● WORKING DATA
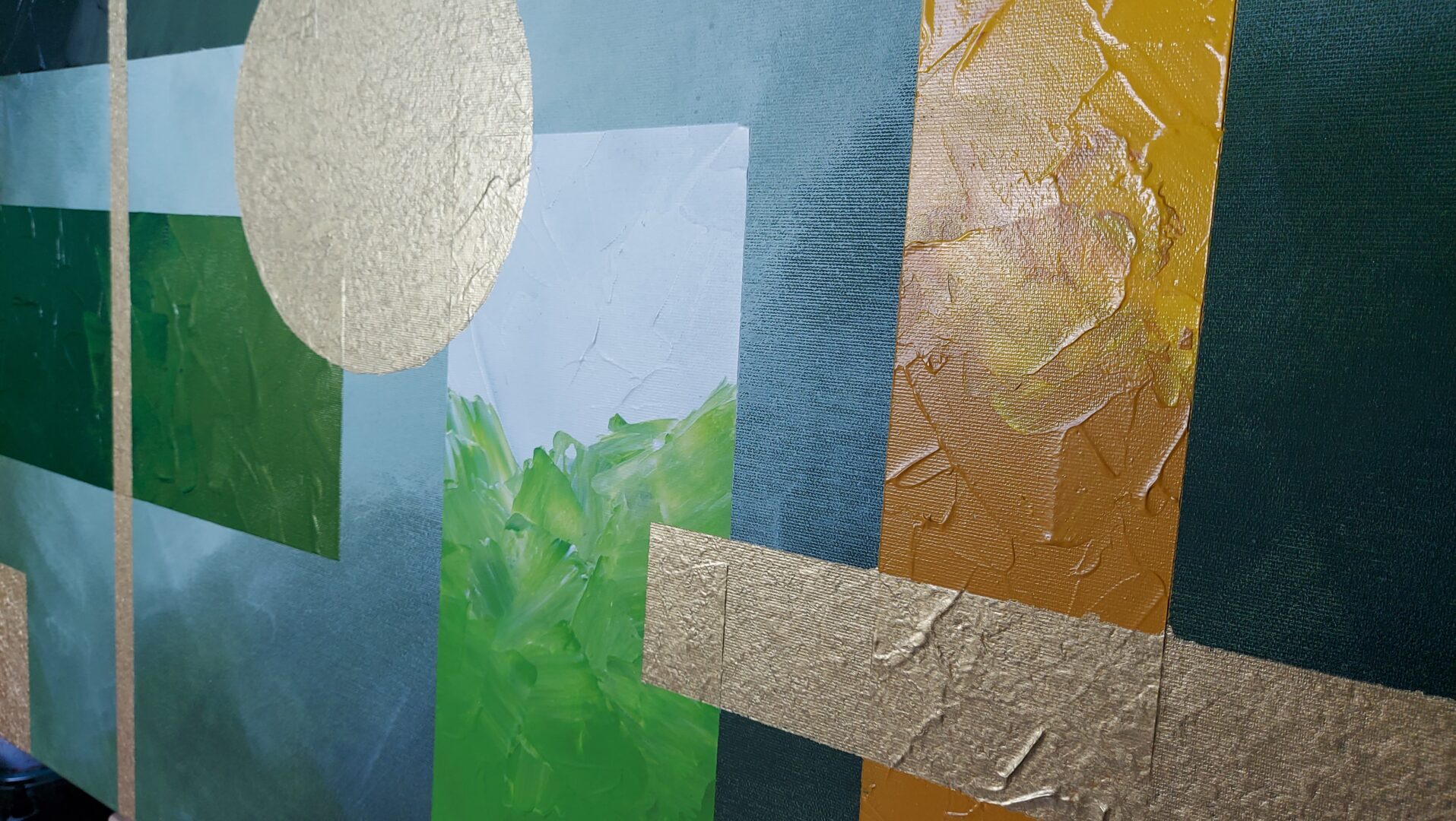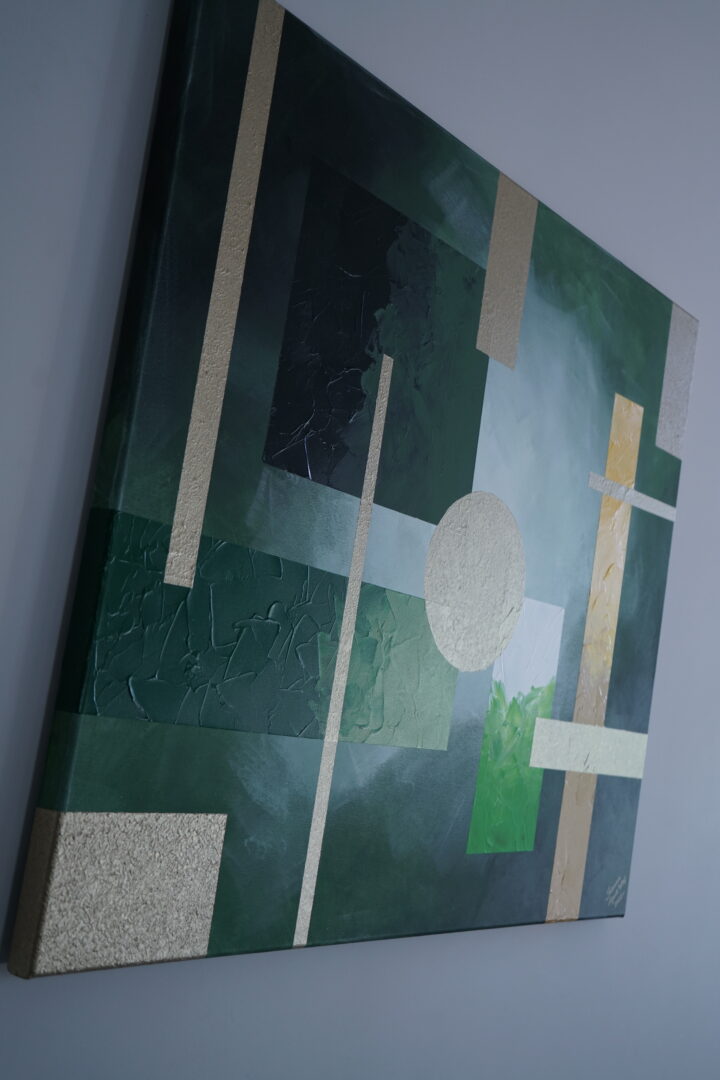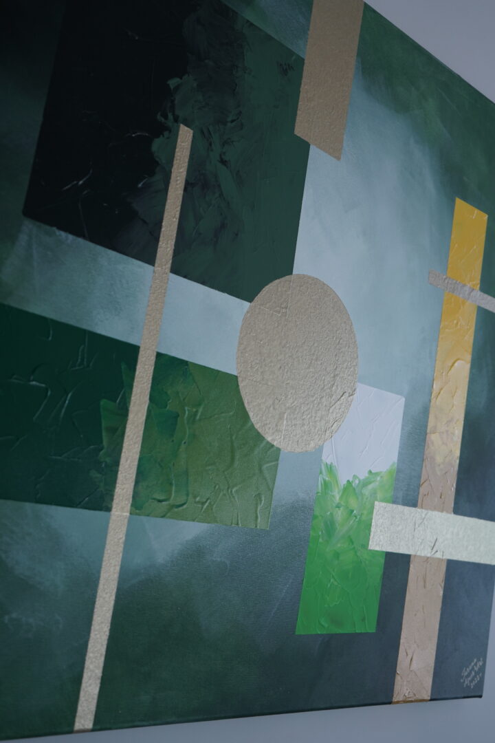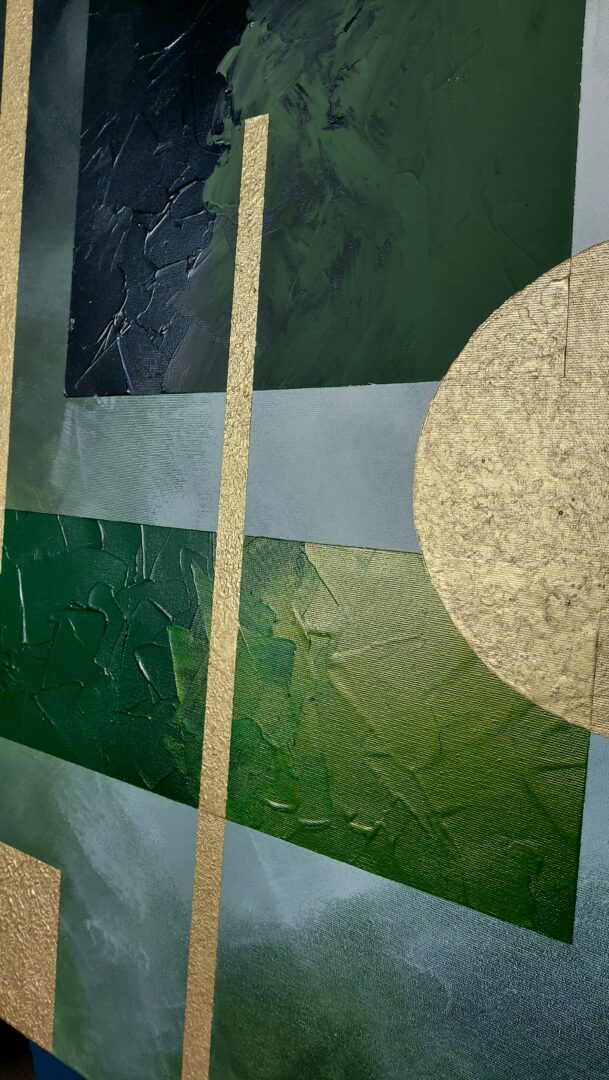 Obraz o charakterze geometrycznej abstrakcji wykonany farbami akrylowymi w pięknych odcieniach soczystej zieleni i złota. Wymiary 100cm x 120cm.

* * *

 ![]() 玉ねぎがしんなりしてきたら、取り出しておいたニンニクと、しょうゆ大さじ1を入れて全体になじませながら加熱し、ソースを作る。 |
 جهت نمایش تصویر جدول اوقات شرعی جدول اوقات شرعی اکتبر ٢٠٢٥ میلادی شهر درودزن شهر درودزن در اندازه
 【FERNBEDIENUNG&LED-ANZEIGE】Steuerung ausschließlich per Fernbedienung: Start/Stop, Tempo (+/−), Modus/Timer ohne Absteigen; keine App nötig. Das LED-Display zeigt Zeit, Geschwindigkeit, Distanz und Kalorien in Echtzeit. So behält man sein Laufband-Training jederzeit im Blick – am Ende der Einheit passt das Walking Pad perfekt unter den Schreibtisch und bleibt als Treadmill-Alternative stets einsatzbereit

* * *

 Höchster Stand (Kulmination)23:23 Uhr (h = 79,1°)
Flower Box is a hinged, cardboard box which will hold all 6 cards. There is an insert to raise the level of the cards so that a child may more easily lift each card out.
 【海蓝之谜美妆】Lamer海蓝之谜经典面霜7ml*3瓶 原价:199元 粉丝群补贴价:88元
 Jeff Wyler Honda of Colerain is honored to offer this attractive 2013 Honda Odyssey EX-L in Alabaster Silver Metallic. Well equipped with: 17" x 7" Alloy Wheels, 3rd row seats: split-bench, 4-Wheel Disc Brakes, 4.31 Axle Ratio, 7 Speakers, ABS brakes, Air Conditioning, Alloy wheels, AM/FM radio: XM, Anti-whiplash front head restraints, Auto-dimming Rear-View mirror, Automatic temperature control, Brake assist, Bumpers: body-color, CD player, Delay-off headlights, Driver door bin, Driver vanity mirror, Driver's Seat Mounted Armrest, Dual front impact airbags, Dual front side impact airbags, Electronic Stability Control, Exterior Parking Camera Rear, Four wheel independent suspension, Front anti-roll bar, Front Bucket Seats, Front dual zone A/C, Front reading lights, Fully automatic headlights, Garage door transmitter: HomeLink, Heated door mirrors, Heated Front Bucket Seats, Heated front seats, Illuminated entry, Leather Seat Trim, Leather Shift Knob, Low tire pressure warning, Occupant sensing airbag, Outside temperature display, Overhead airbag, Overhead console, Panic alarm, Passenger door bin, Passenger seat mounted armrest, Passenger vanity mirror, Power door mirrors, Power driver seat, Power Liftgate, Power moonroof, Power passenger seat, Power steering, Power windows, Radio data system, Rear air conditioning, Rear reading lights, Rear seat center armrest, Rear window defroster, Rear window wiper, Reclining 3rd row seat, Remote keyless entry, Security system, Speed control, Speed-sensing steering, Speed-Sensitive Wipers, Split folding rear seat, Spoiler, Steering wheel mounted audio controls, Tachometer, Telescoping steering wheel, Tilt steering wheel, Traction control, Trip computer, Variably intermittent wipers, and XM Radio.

● WORK ORDER
Keeping every character as it is, restate the lines above that run from the line with "جهت نمایش تصویر" through the line with "Treadmill-Alternative stets einsatzbereit", both included, and nothing else.

● RESULT
 جهت نمایش تصویر جدول اوقات شرعی جدول اوقات شرعی اکتبر ٢٠٢٥ میلادی شهر درودزن شهر درودزن در اندازه
 【FERNBEDIENUNG&LED-ANZEIGE】Steuerung ausschließlich per Fernbedienung: Start/Stop, Tempo (+/−), Modus/Timer ohne Absteigen; keine App nötig. Das LED-Display zeigt Zeit, Geschwindigkeit, Distanz und Kalorien in Echtzeit. So behält man sein Laufband-Training jederzeit im Blick – am Ende der Einheit passt das Walking Pad perfekt unter den Schreibtisch und bleibt als Treadmill-Alternative stets einsatzbereit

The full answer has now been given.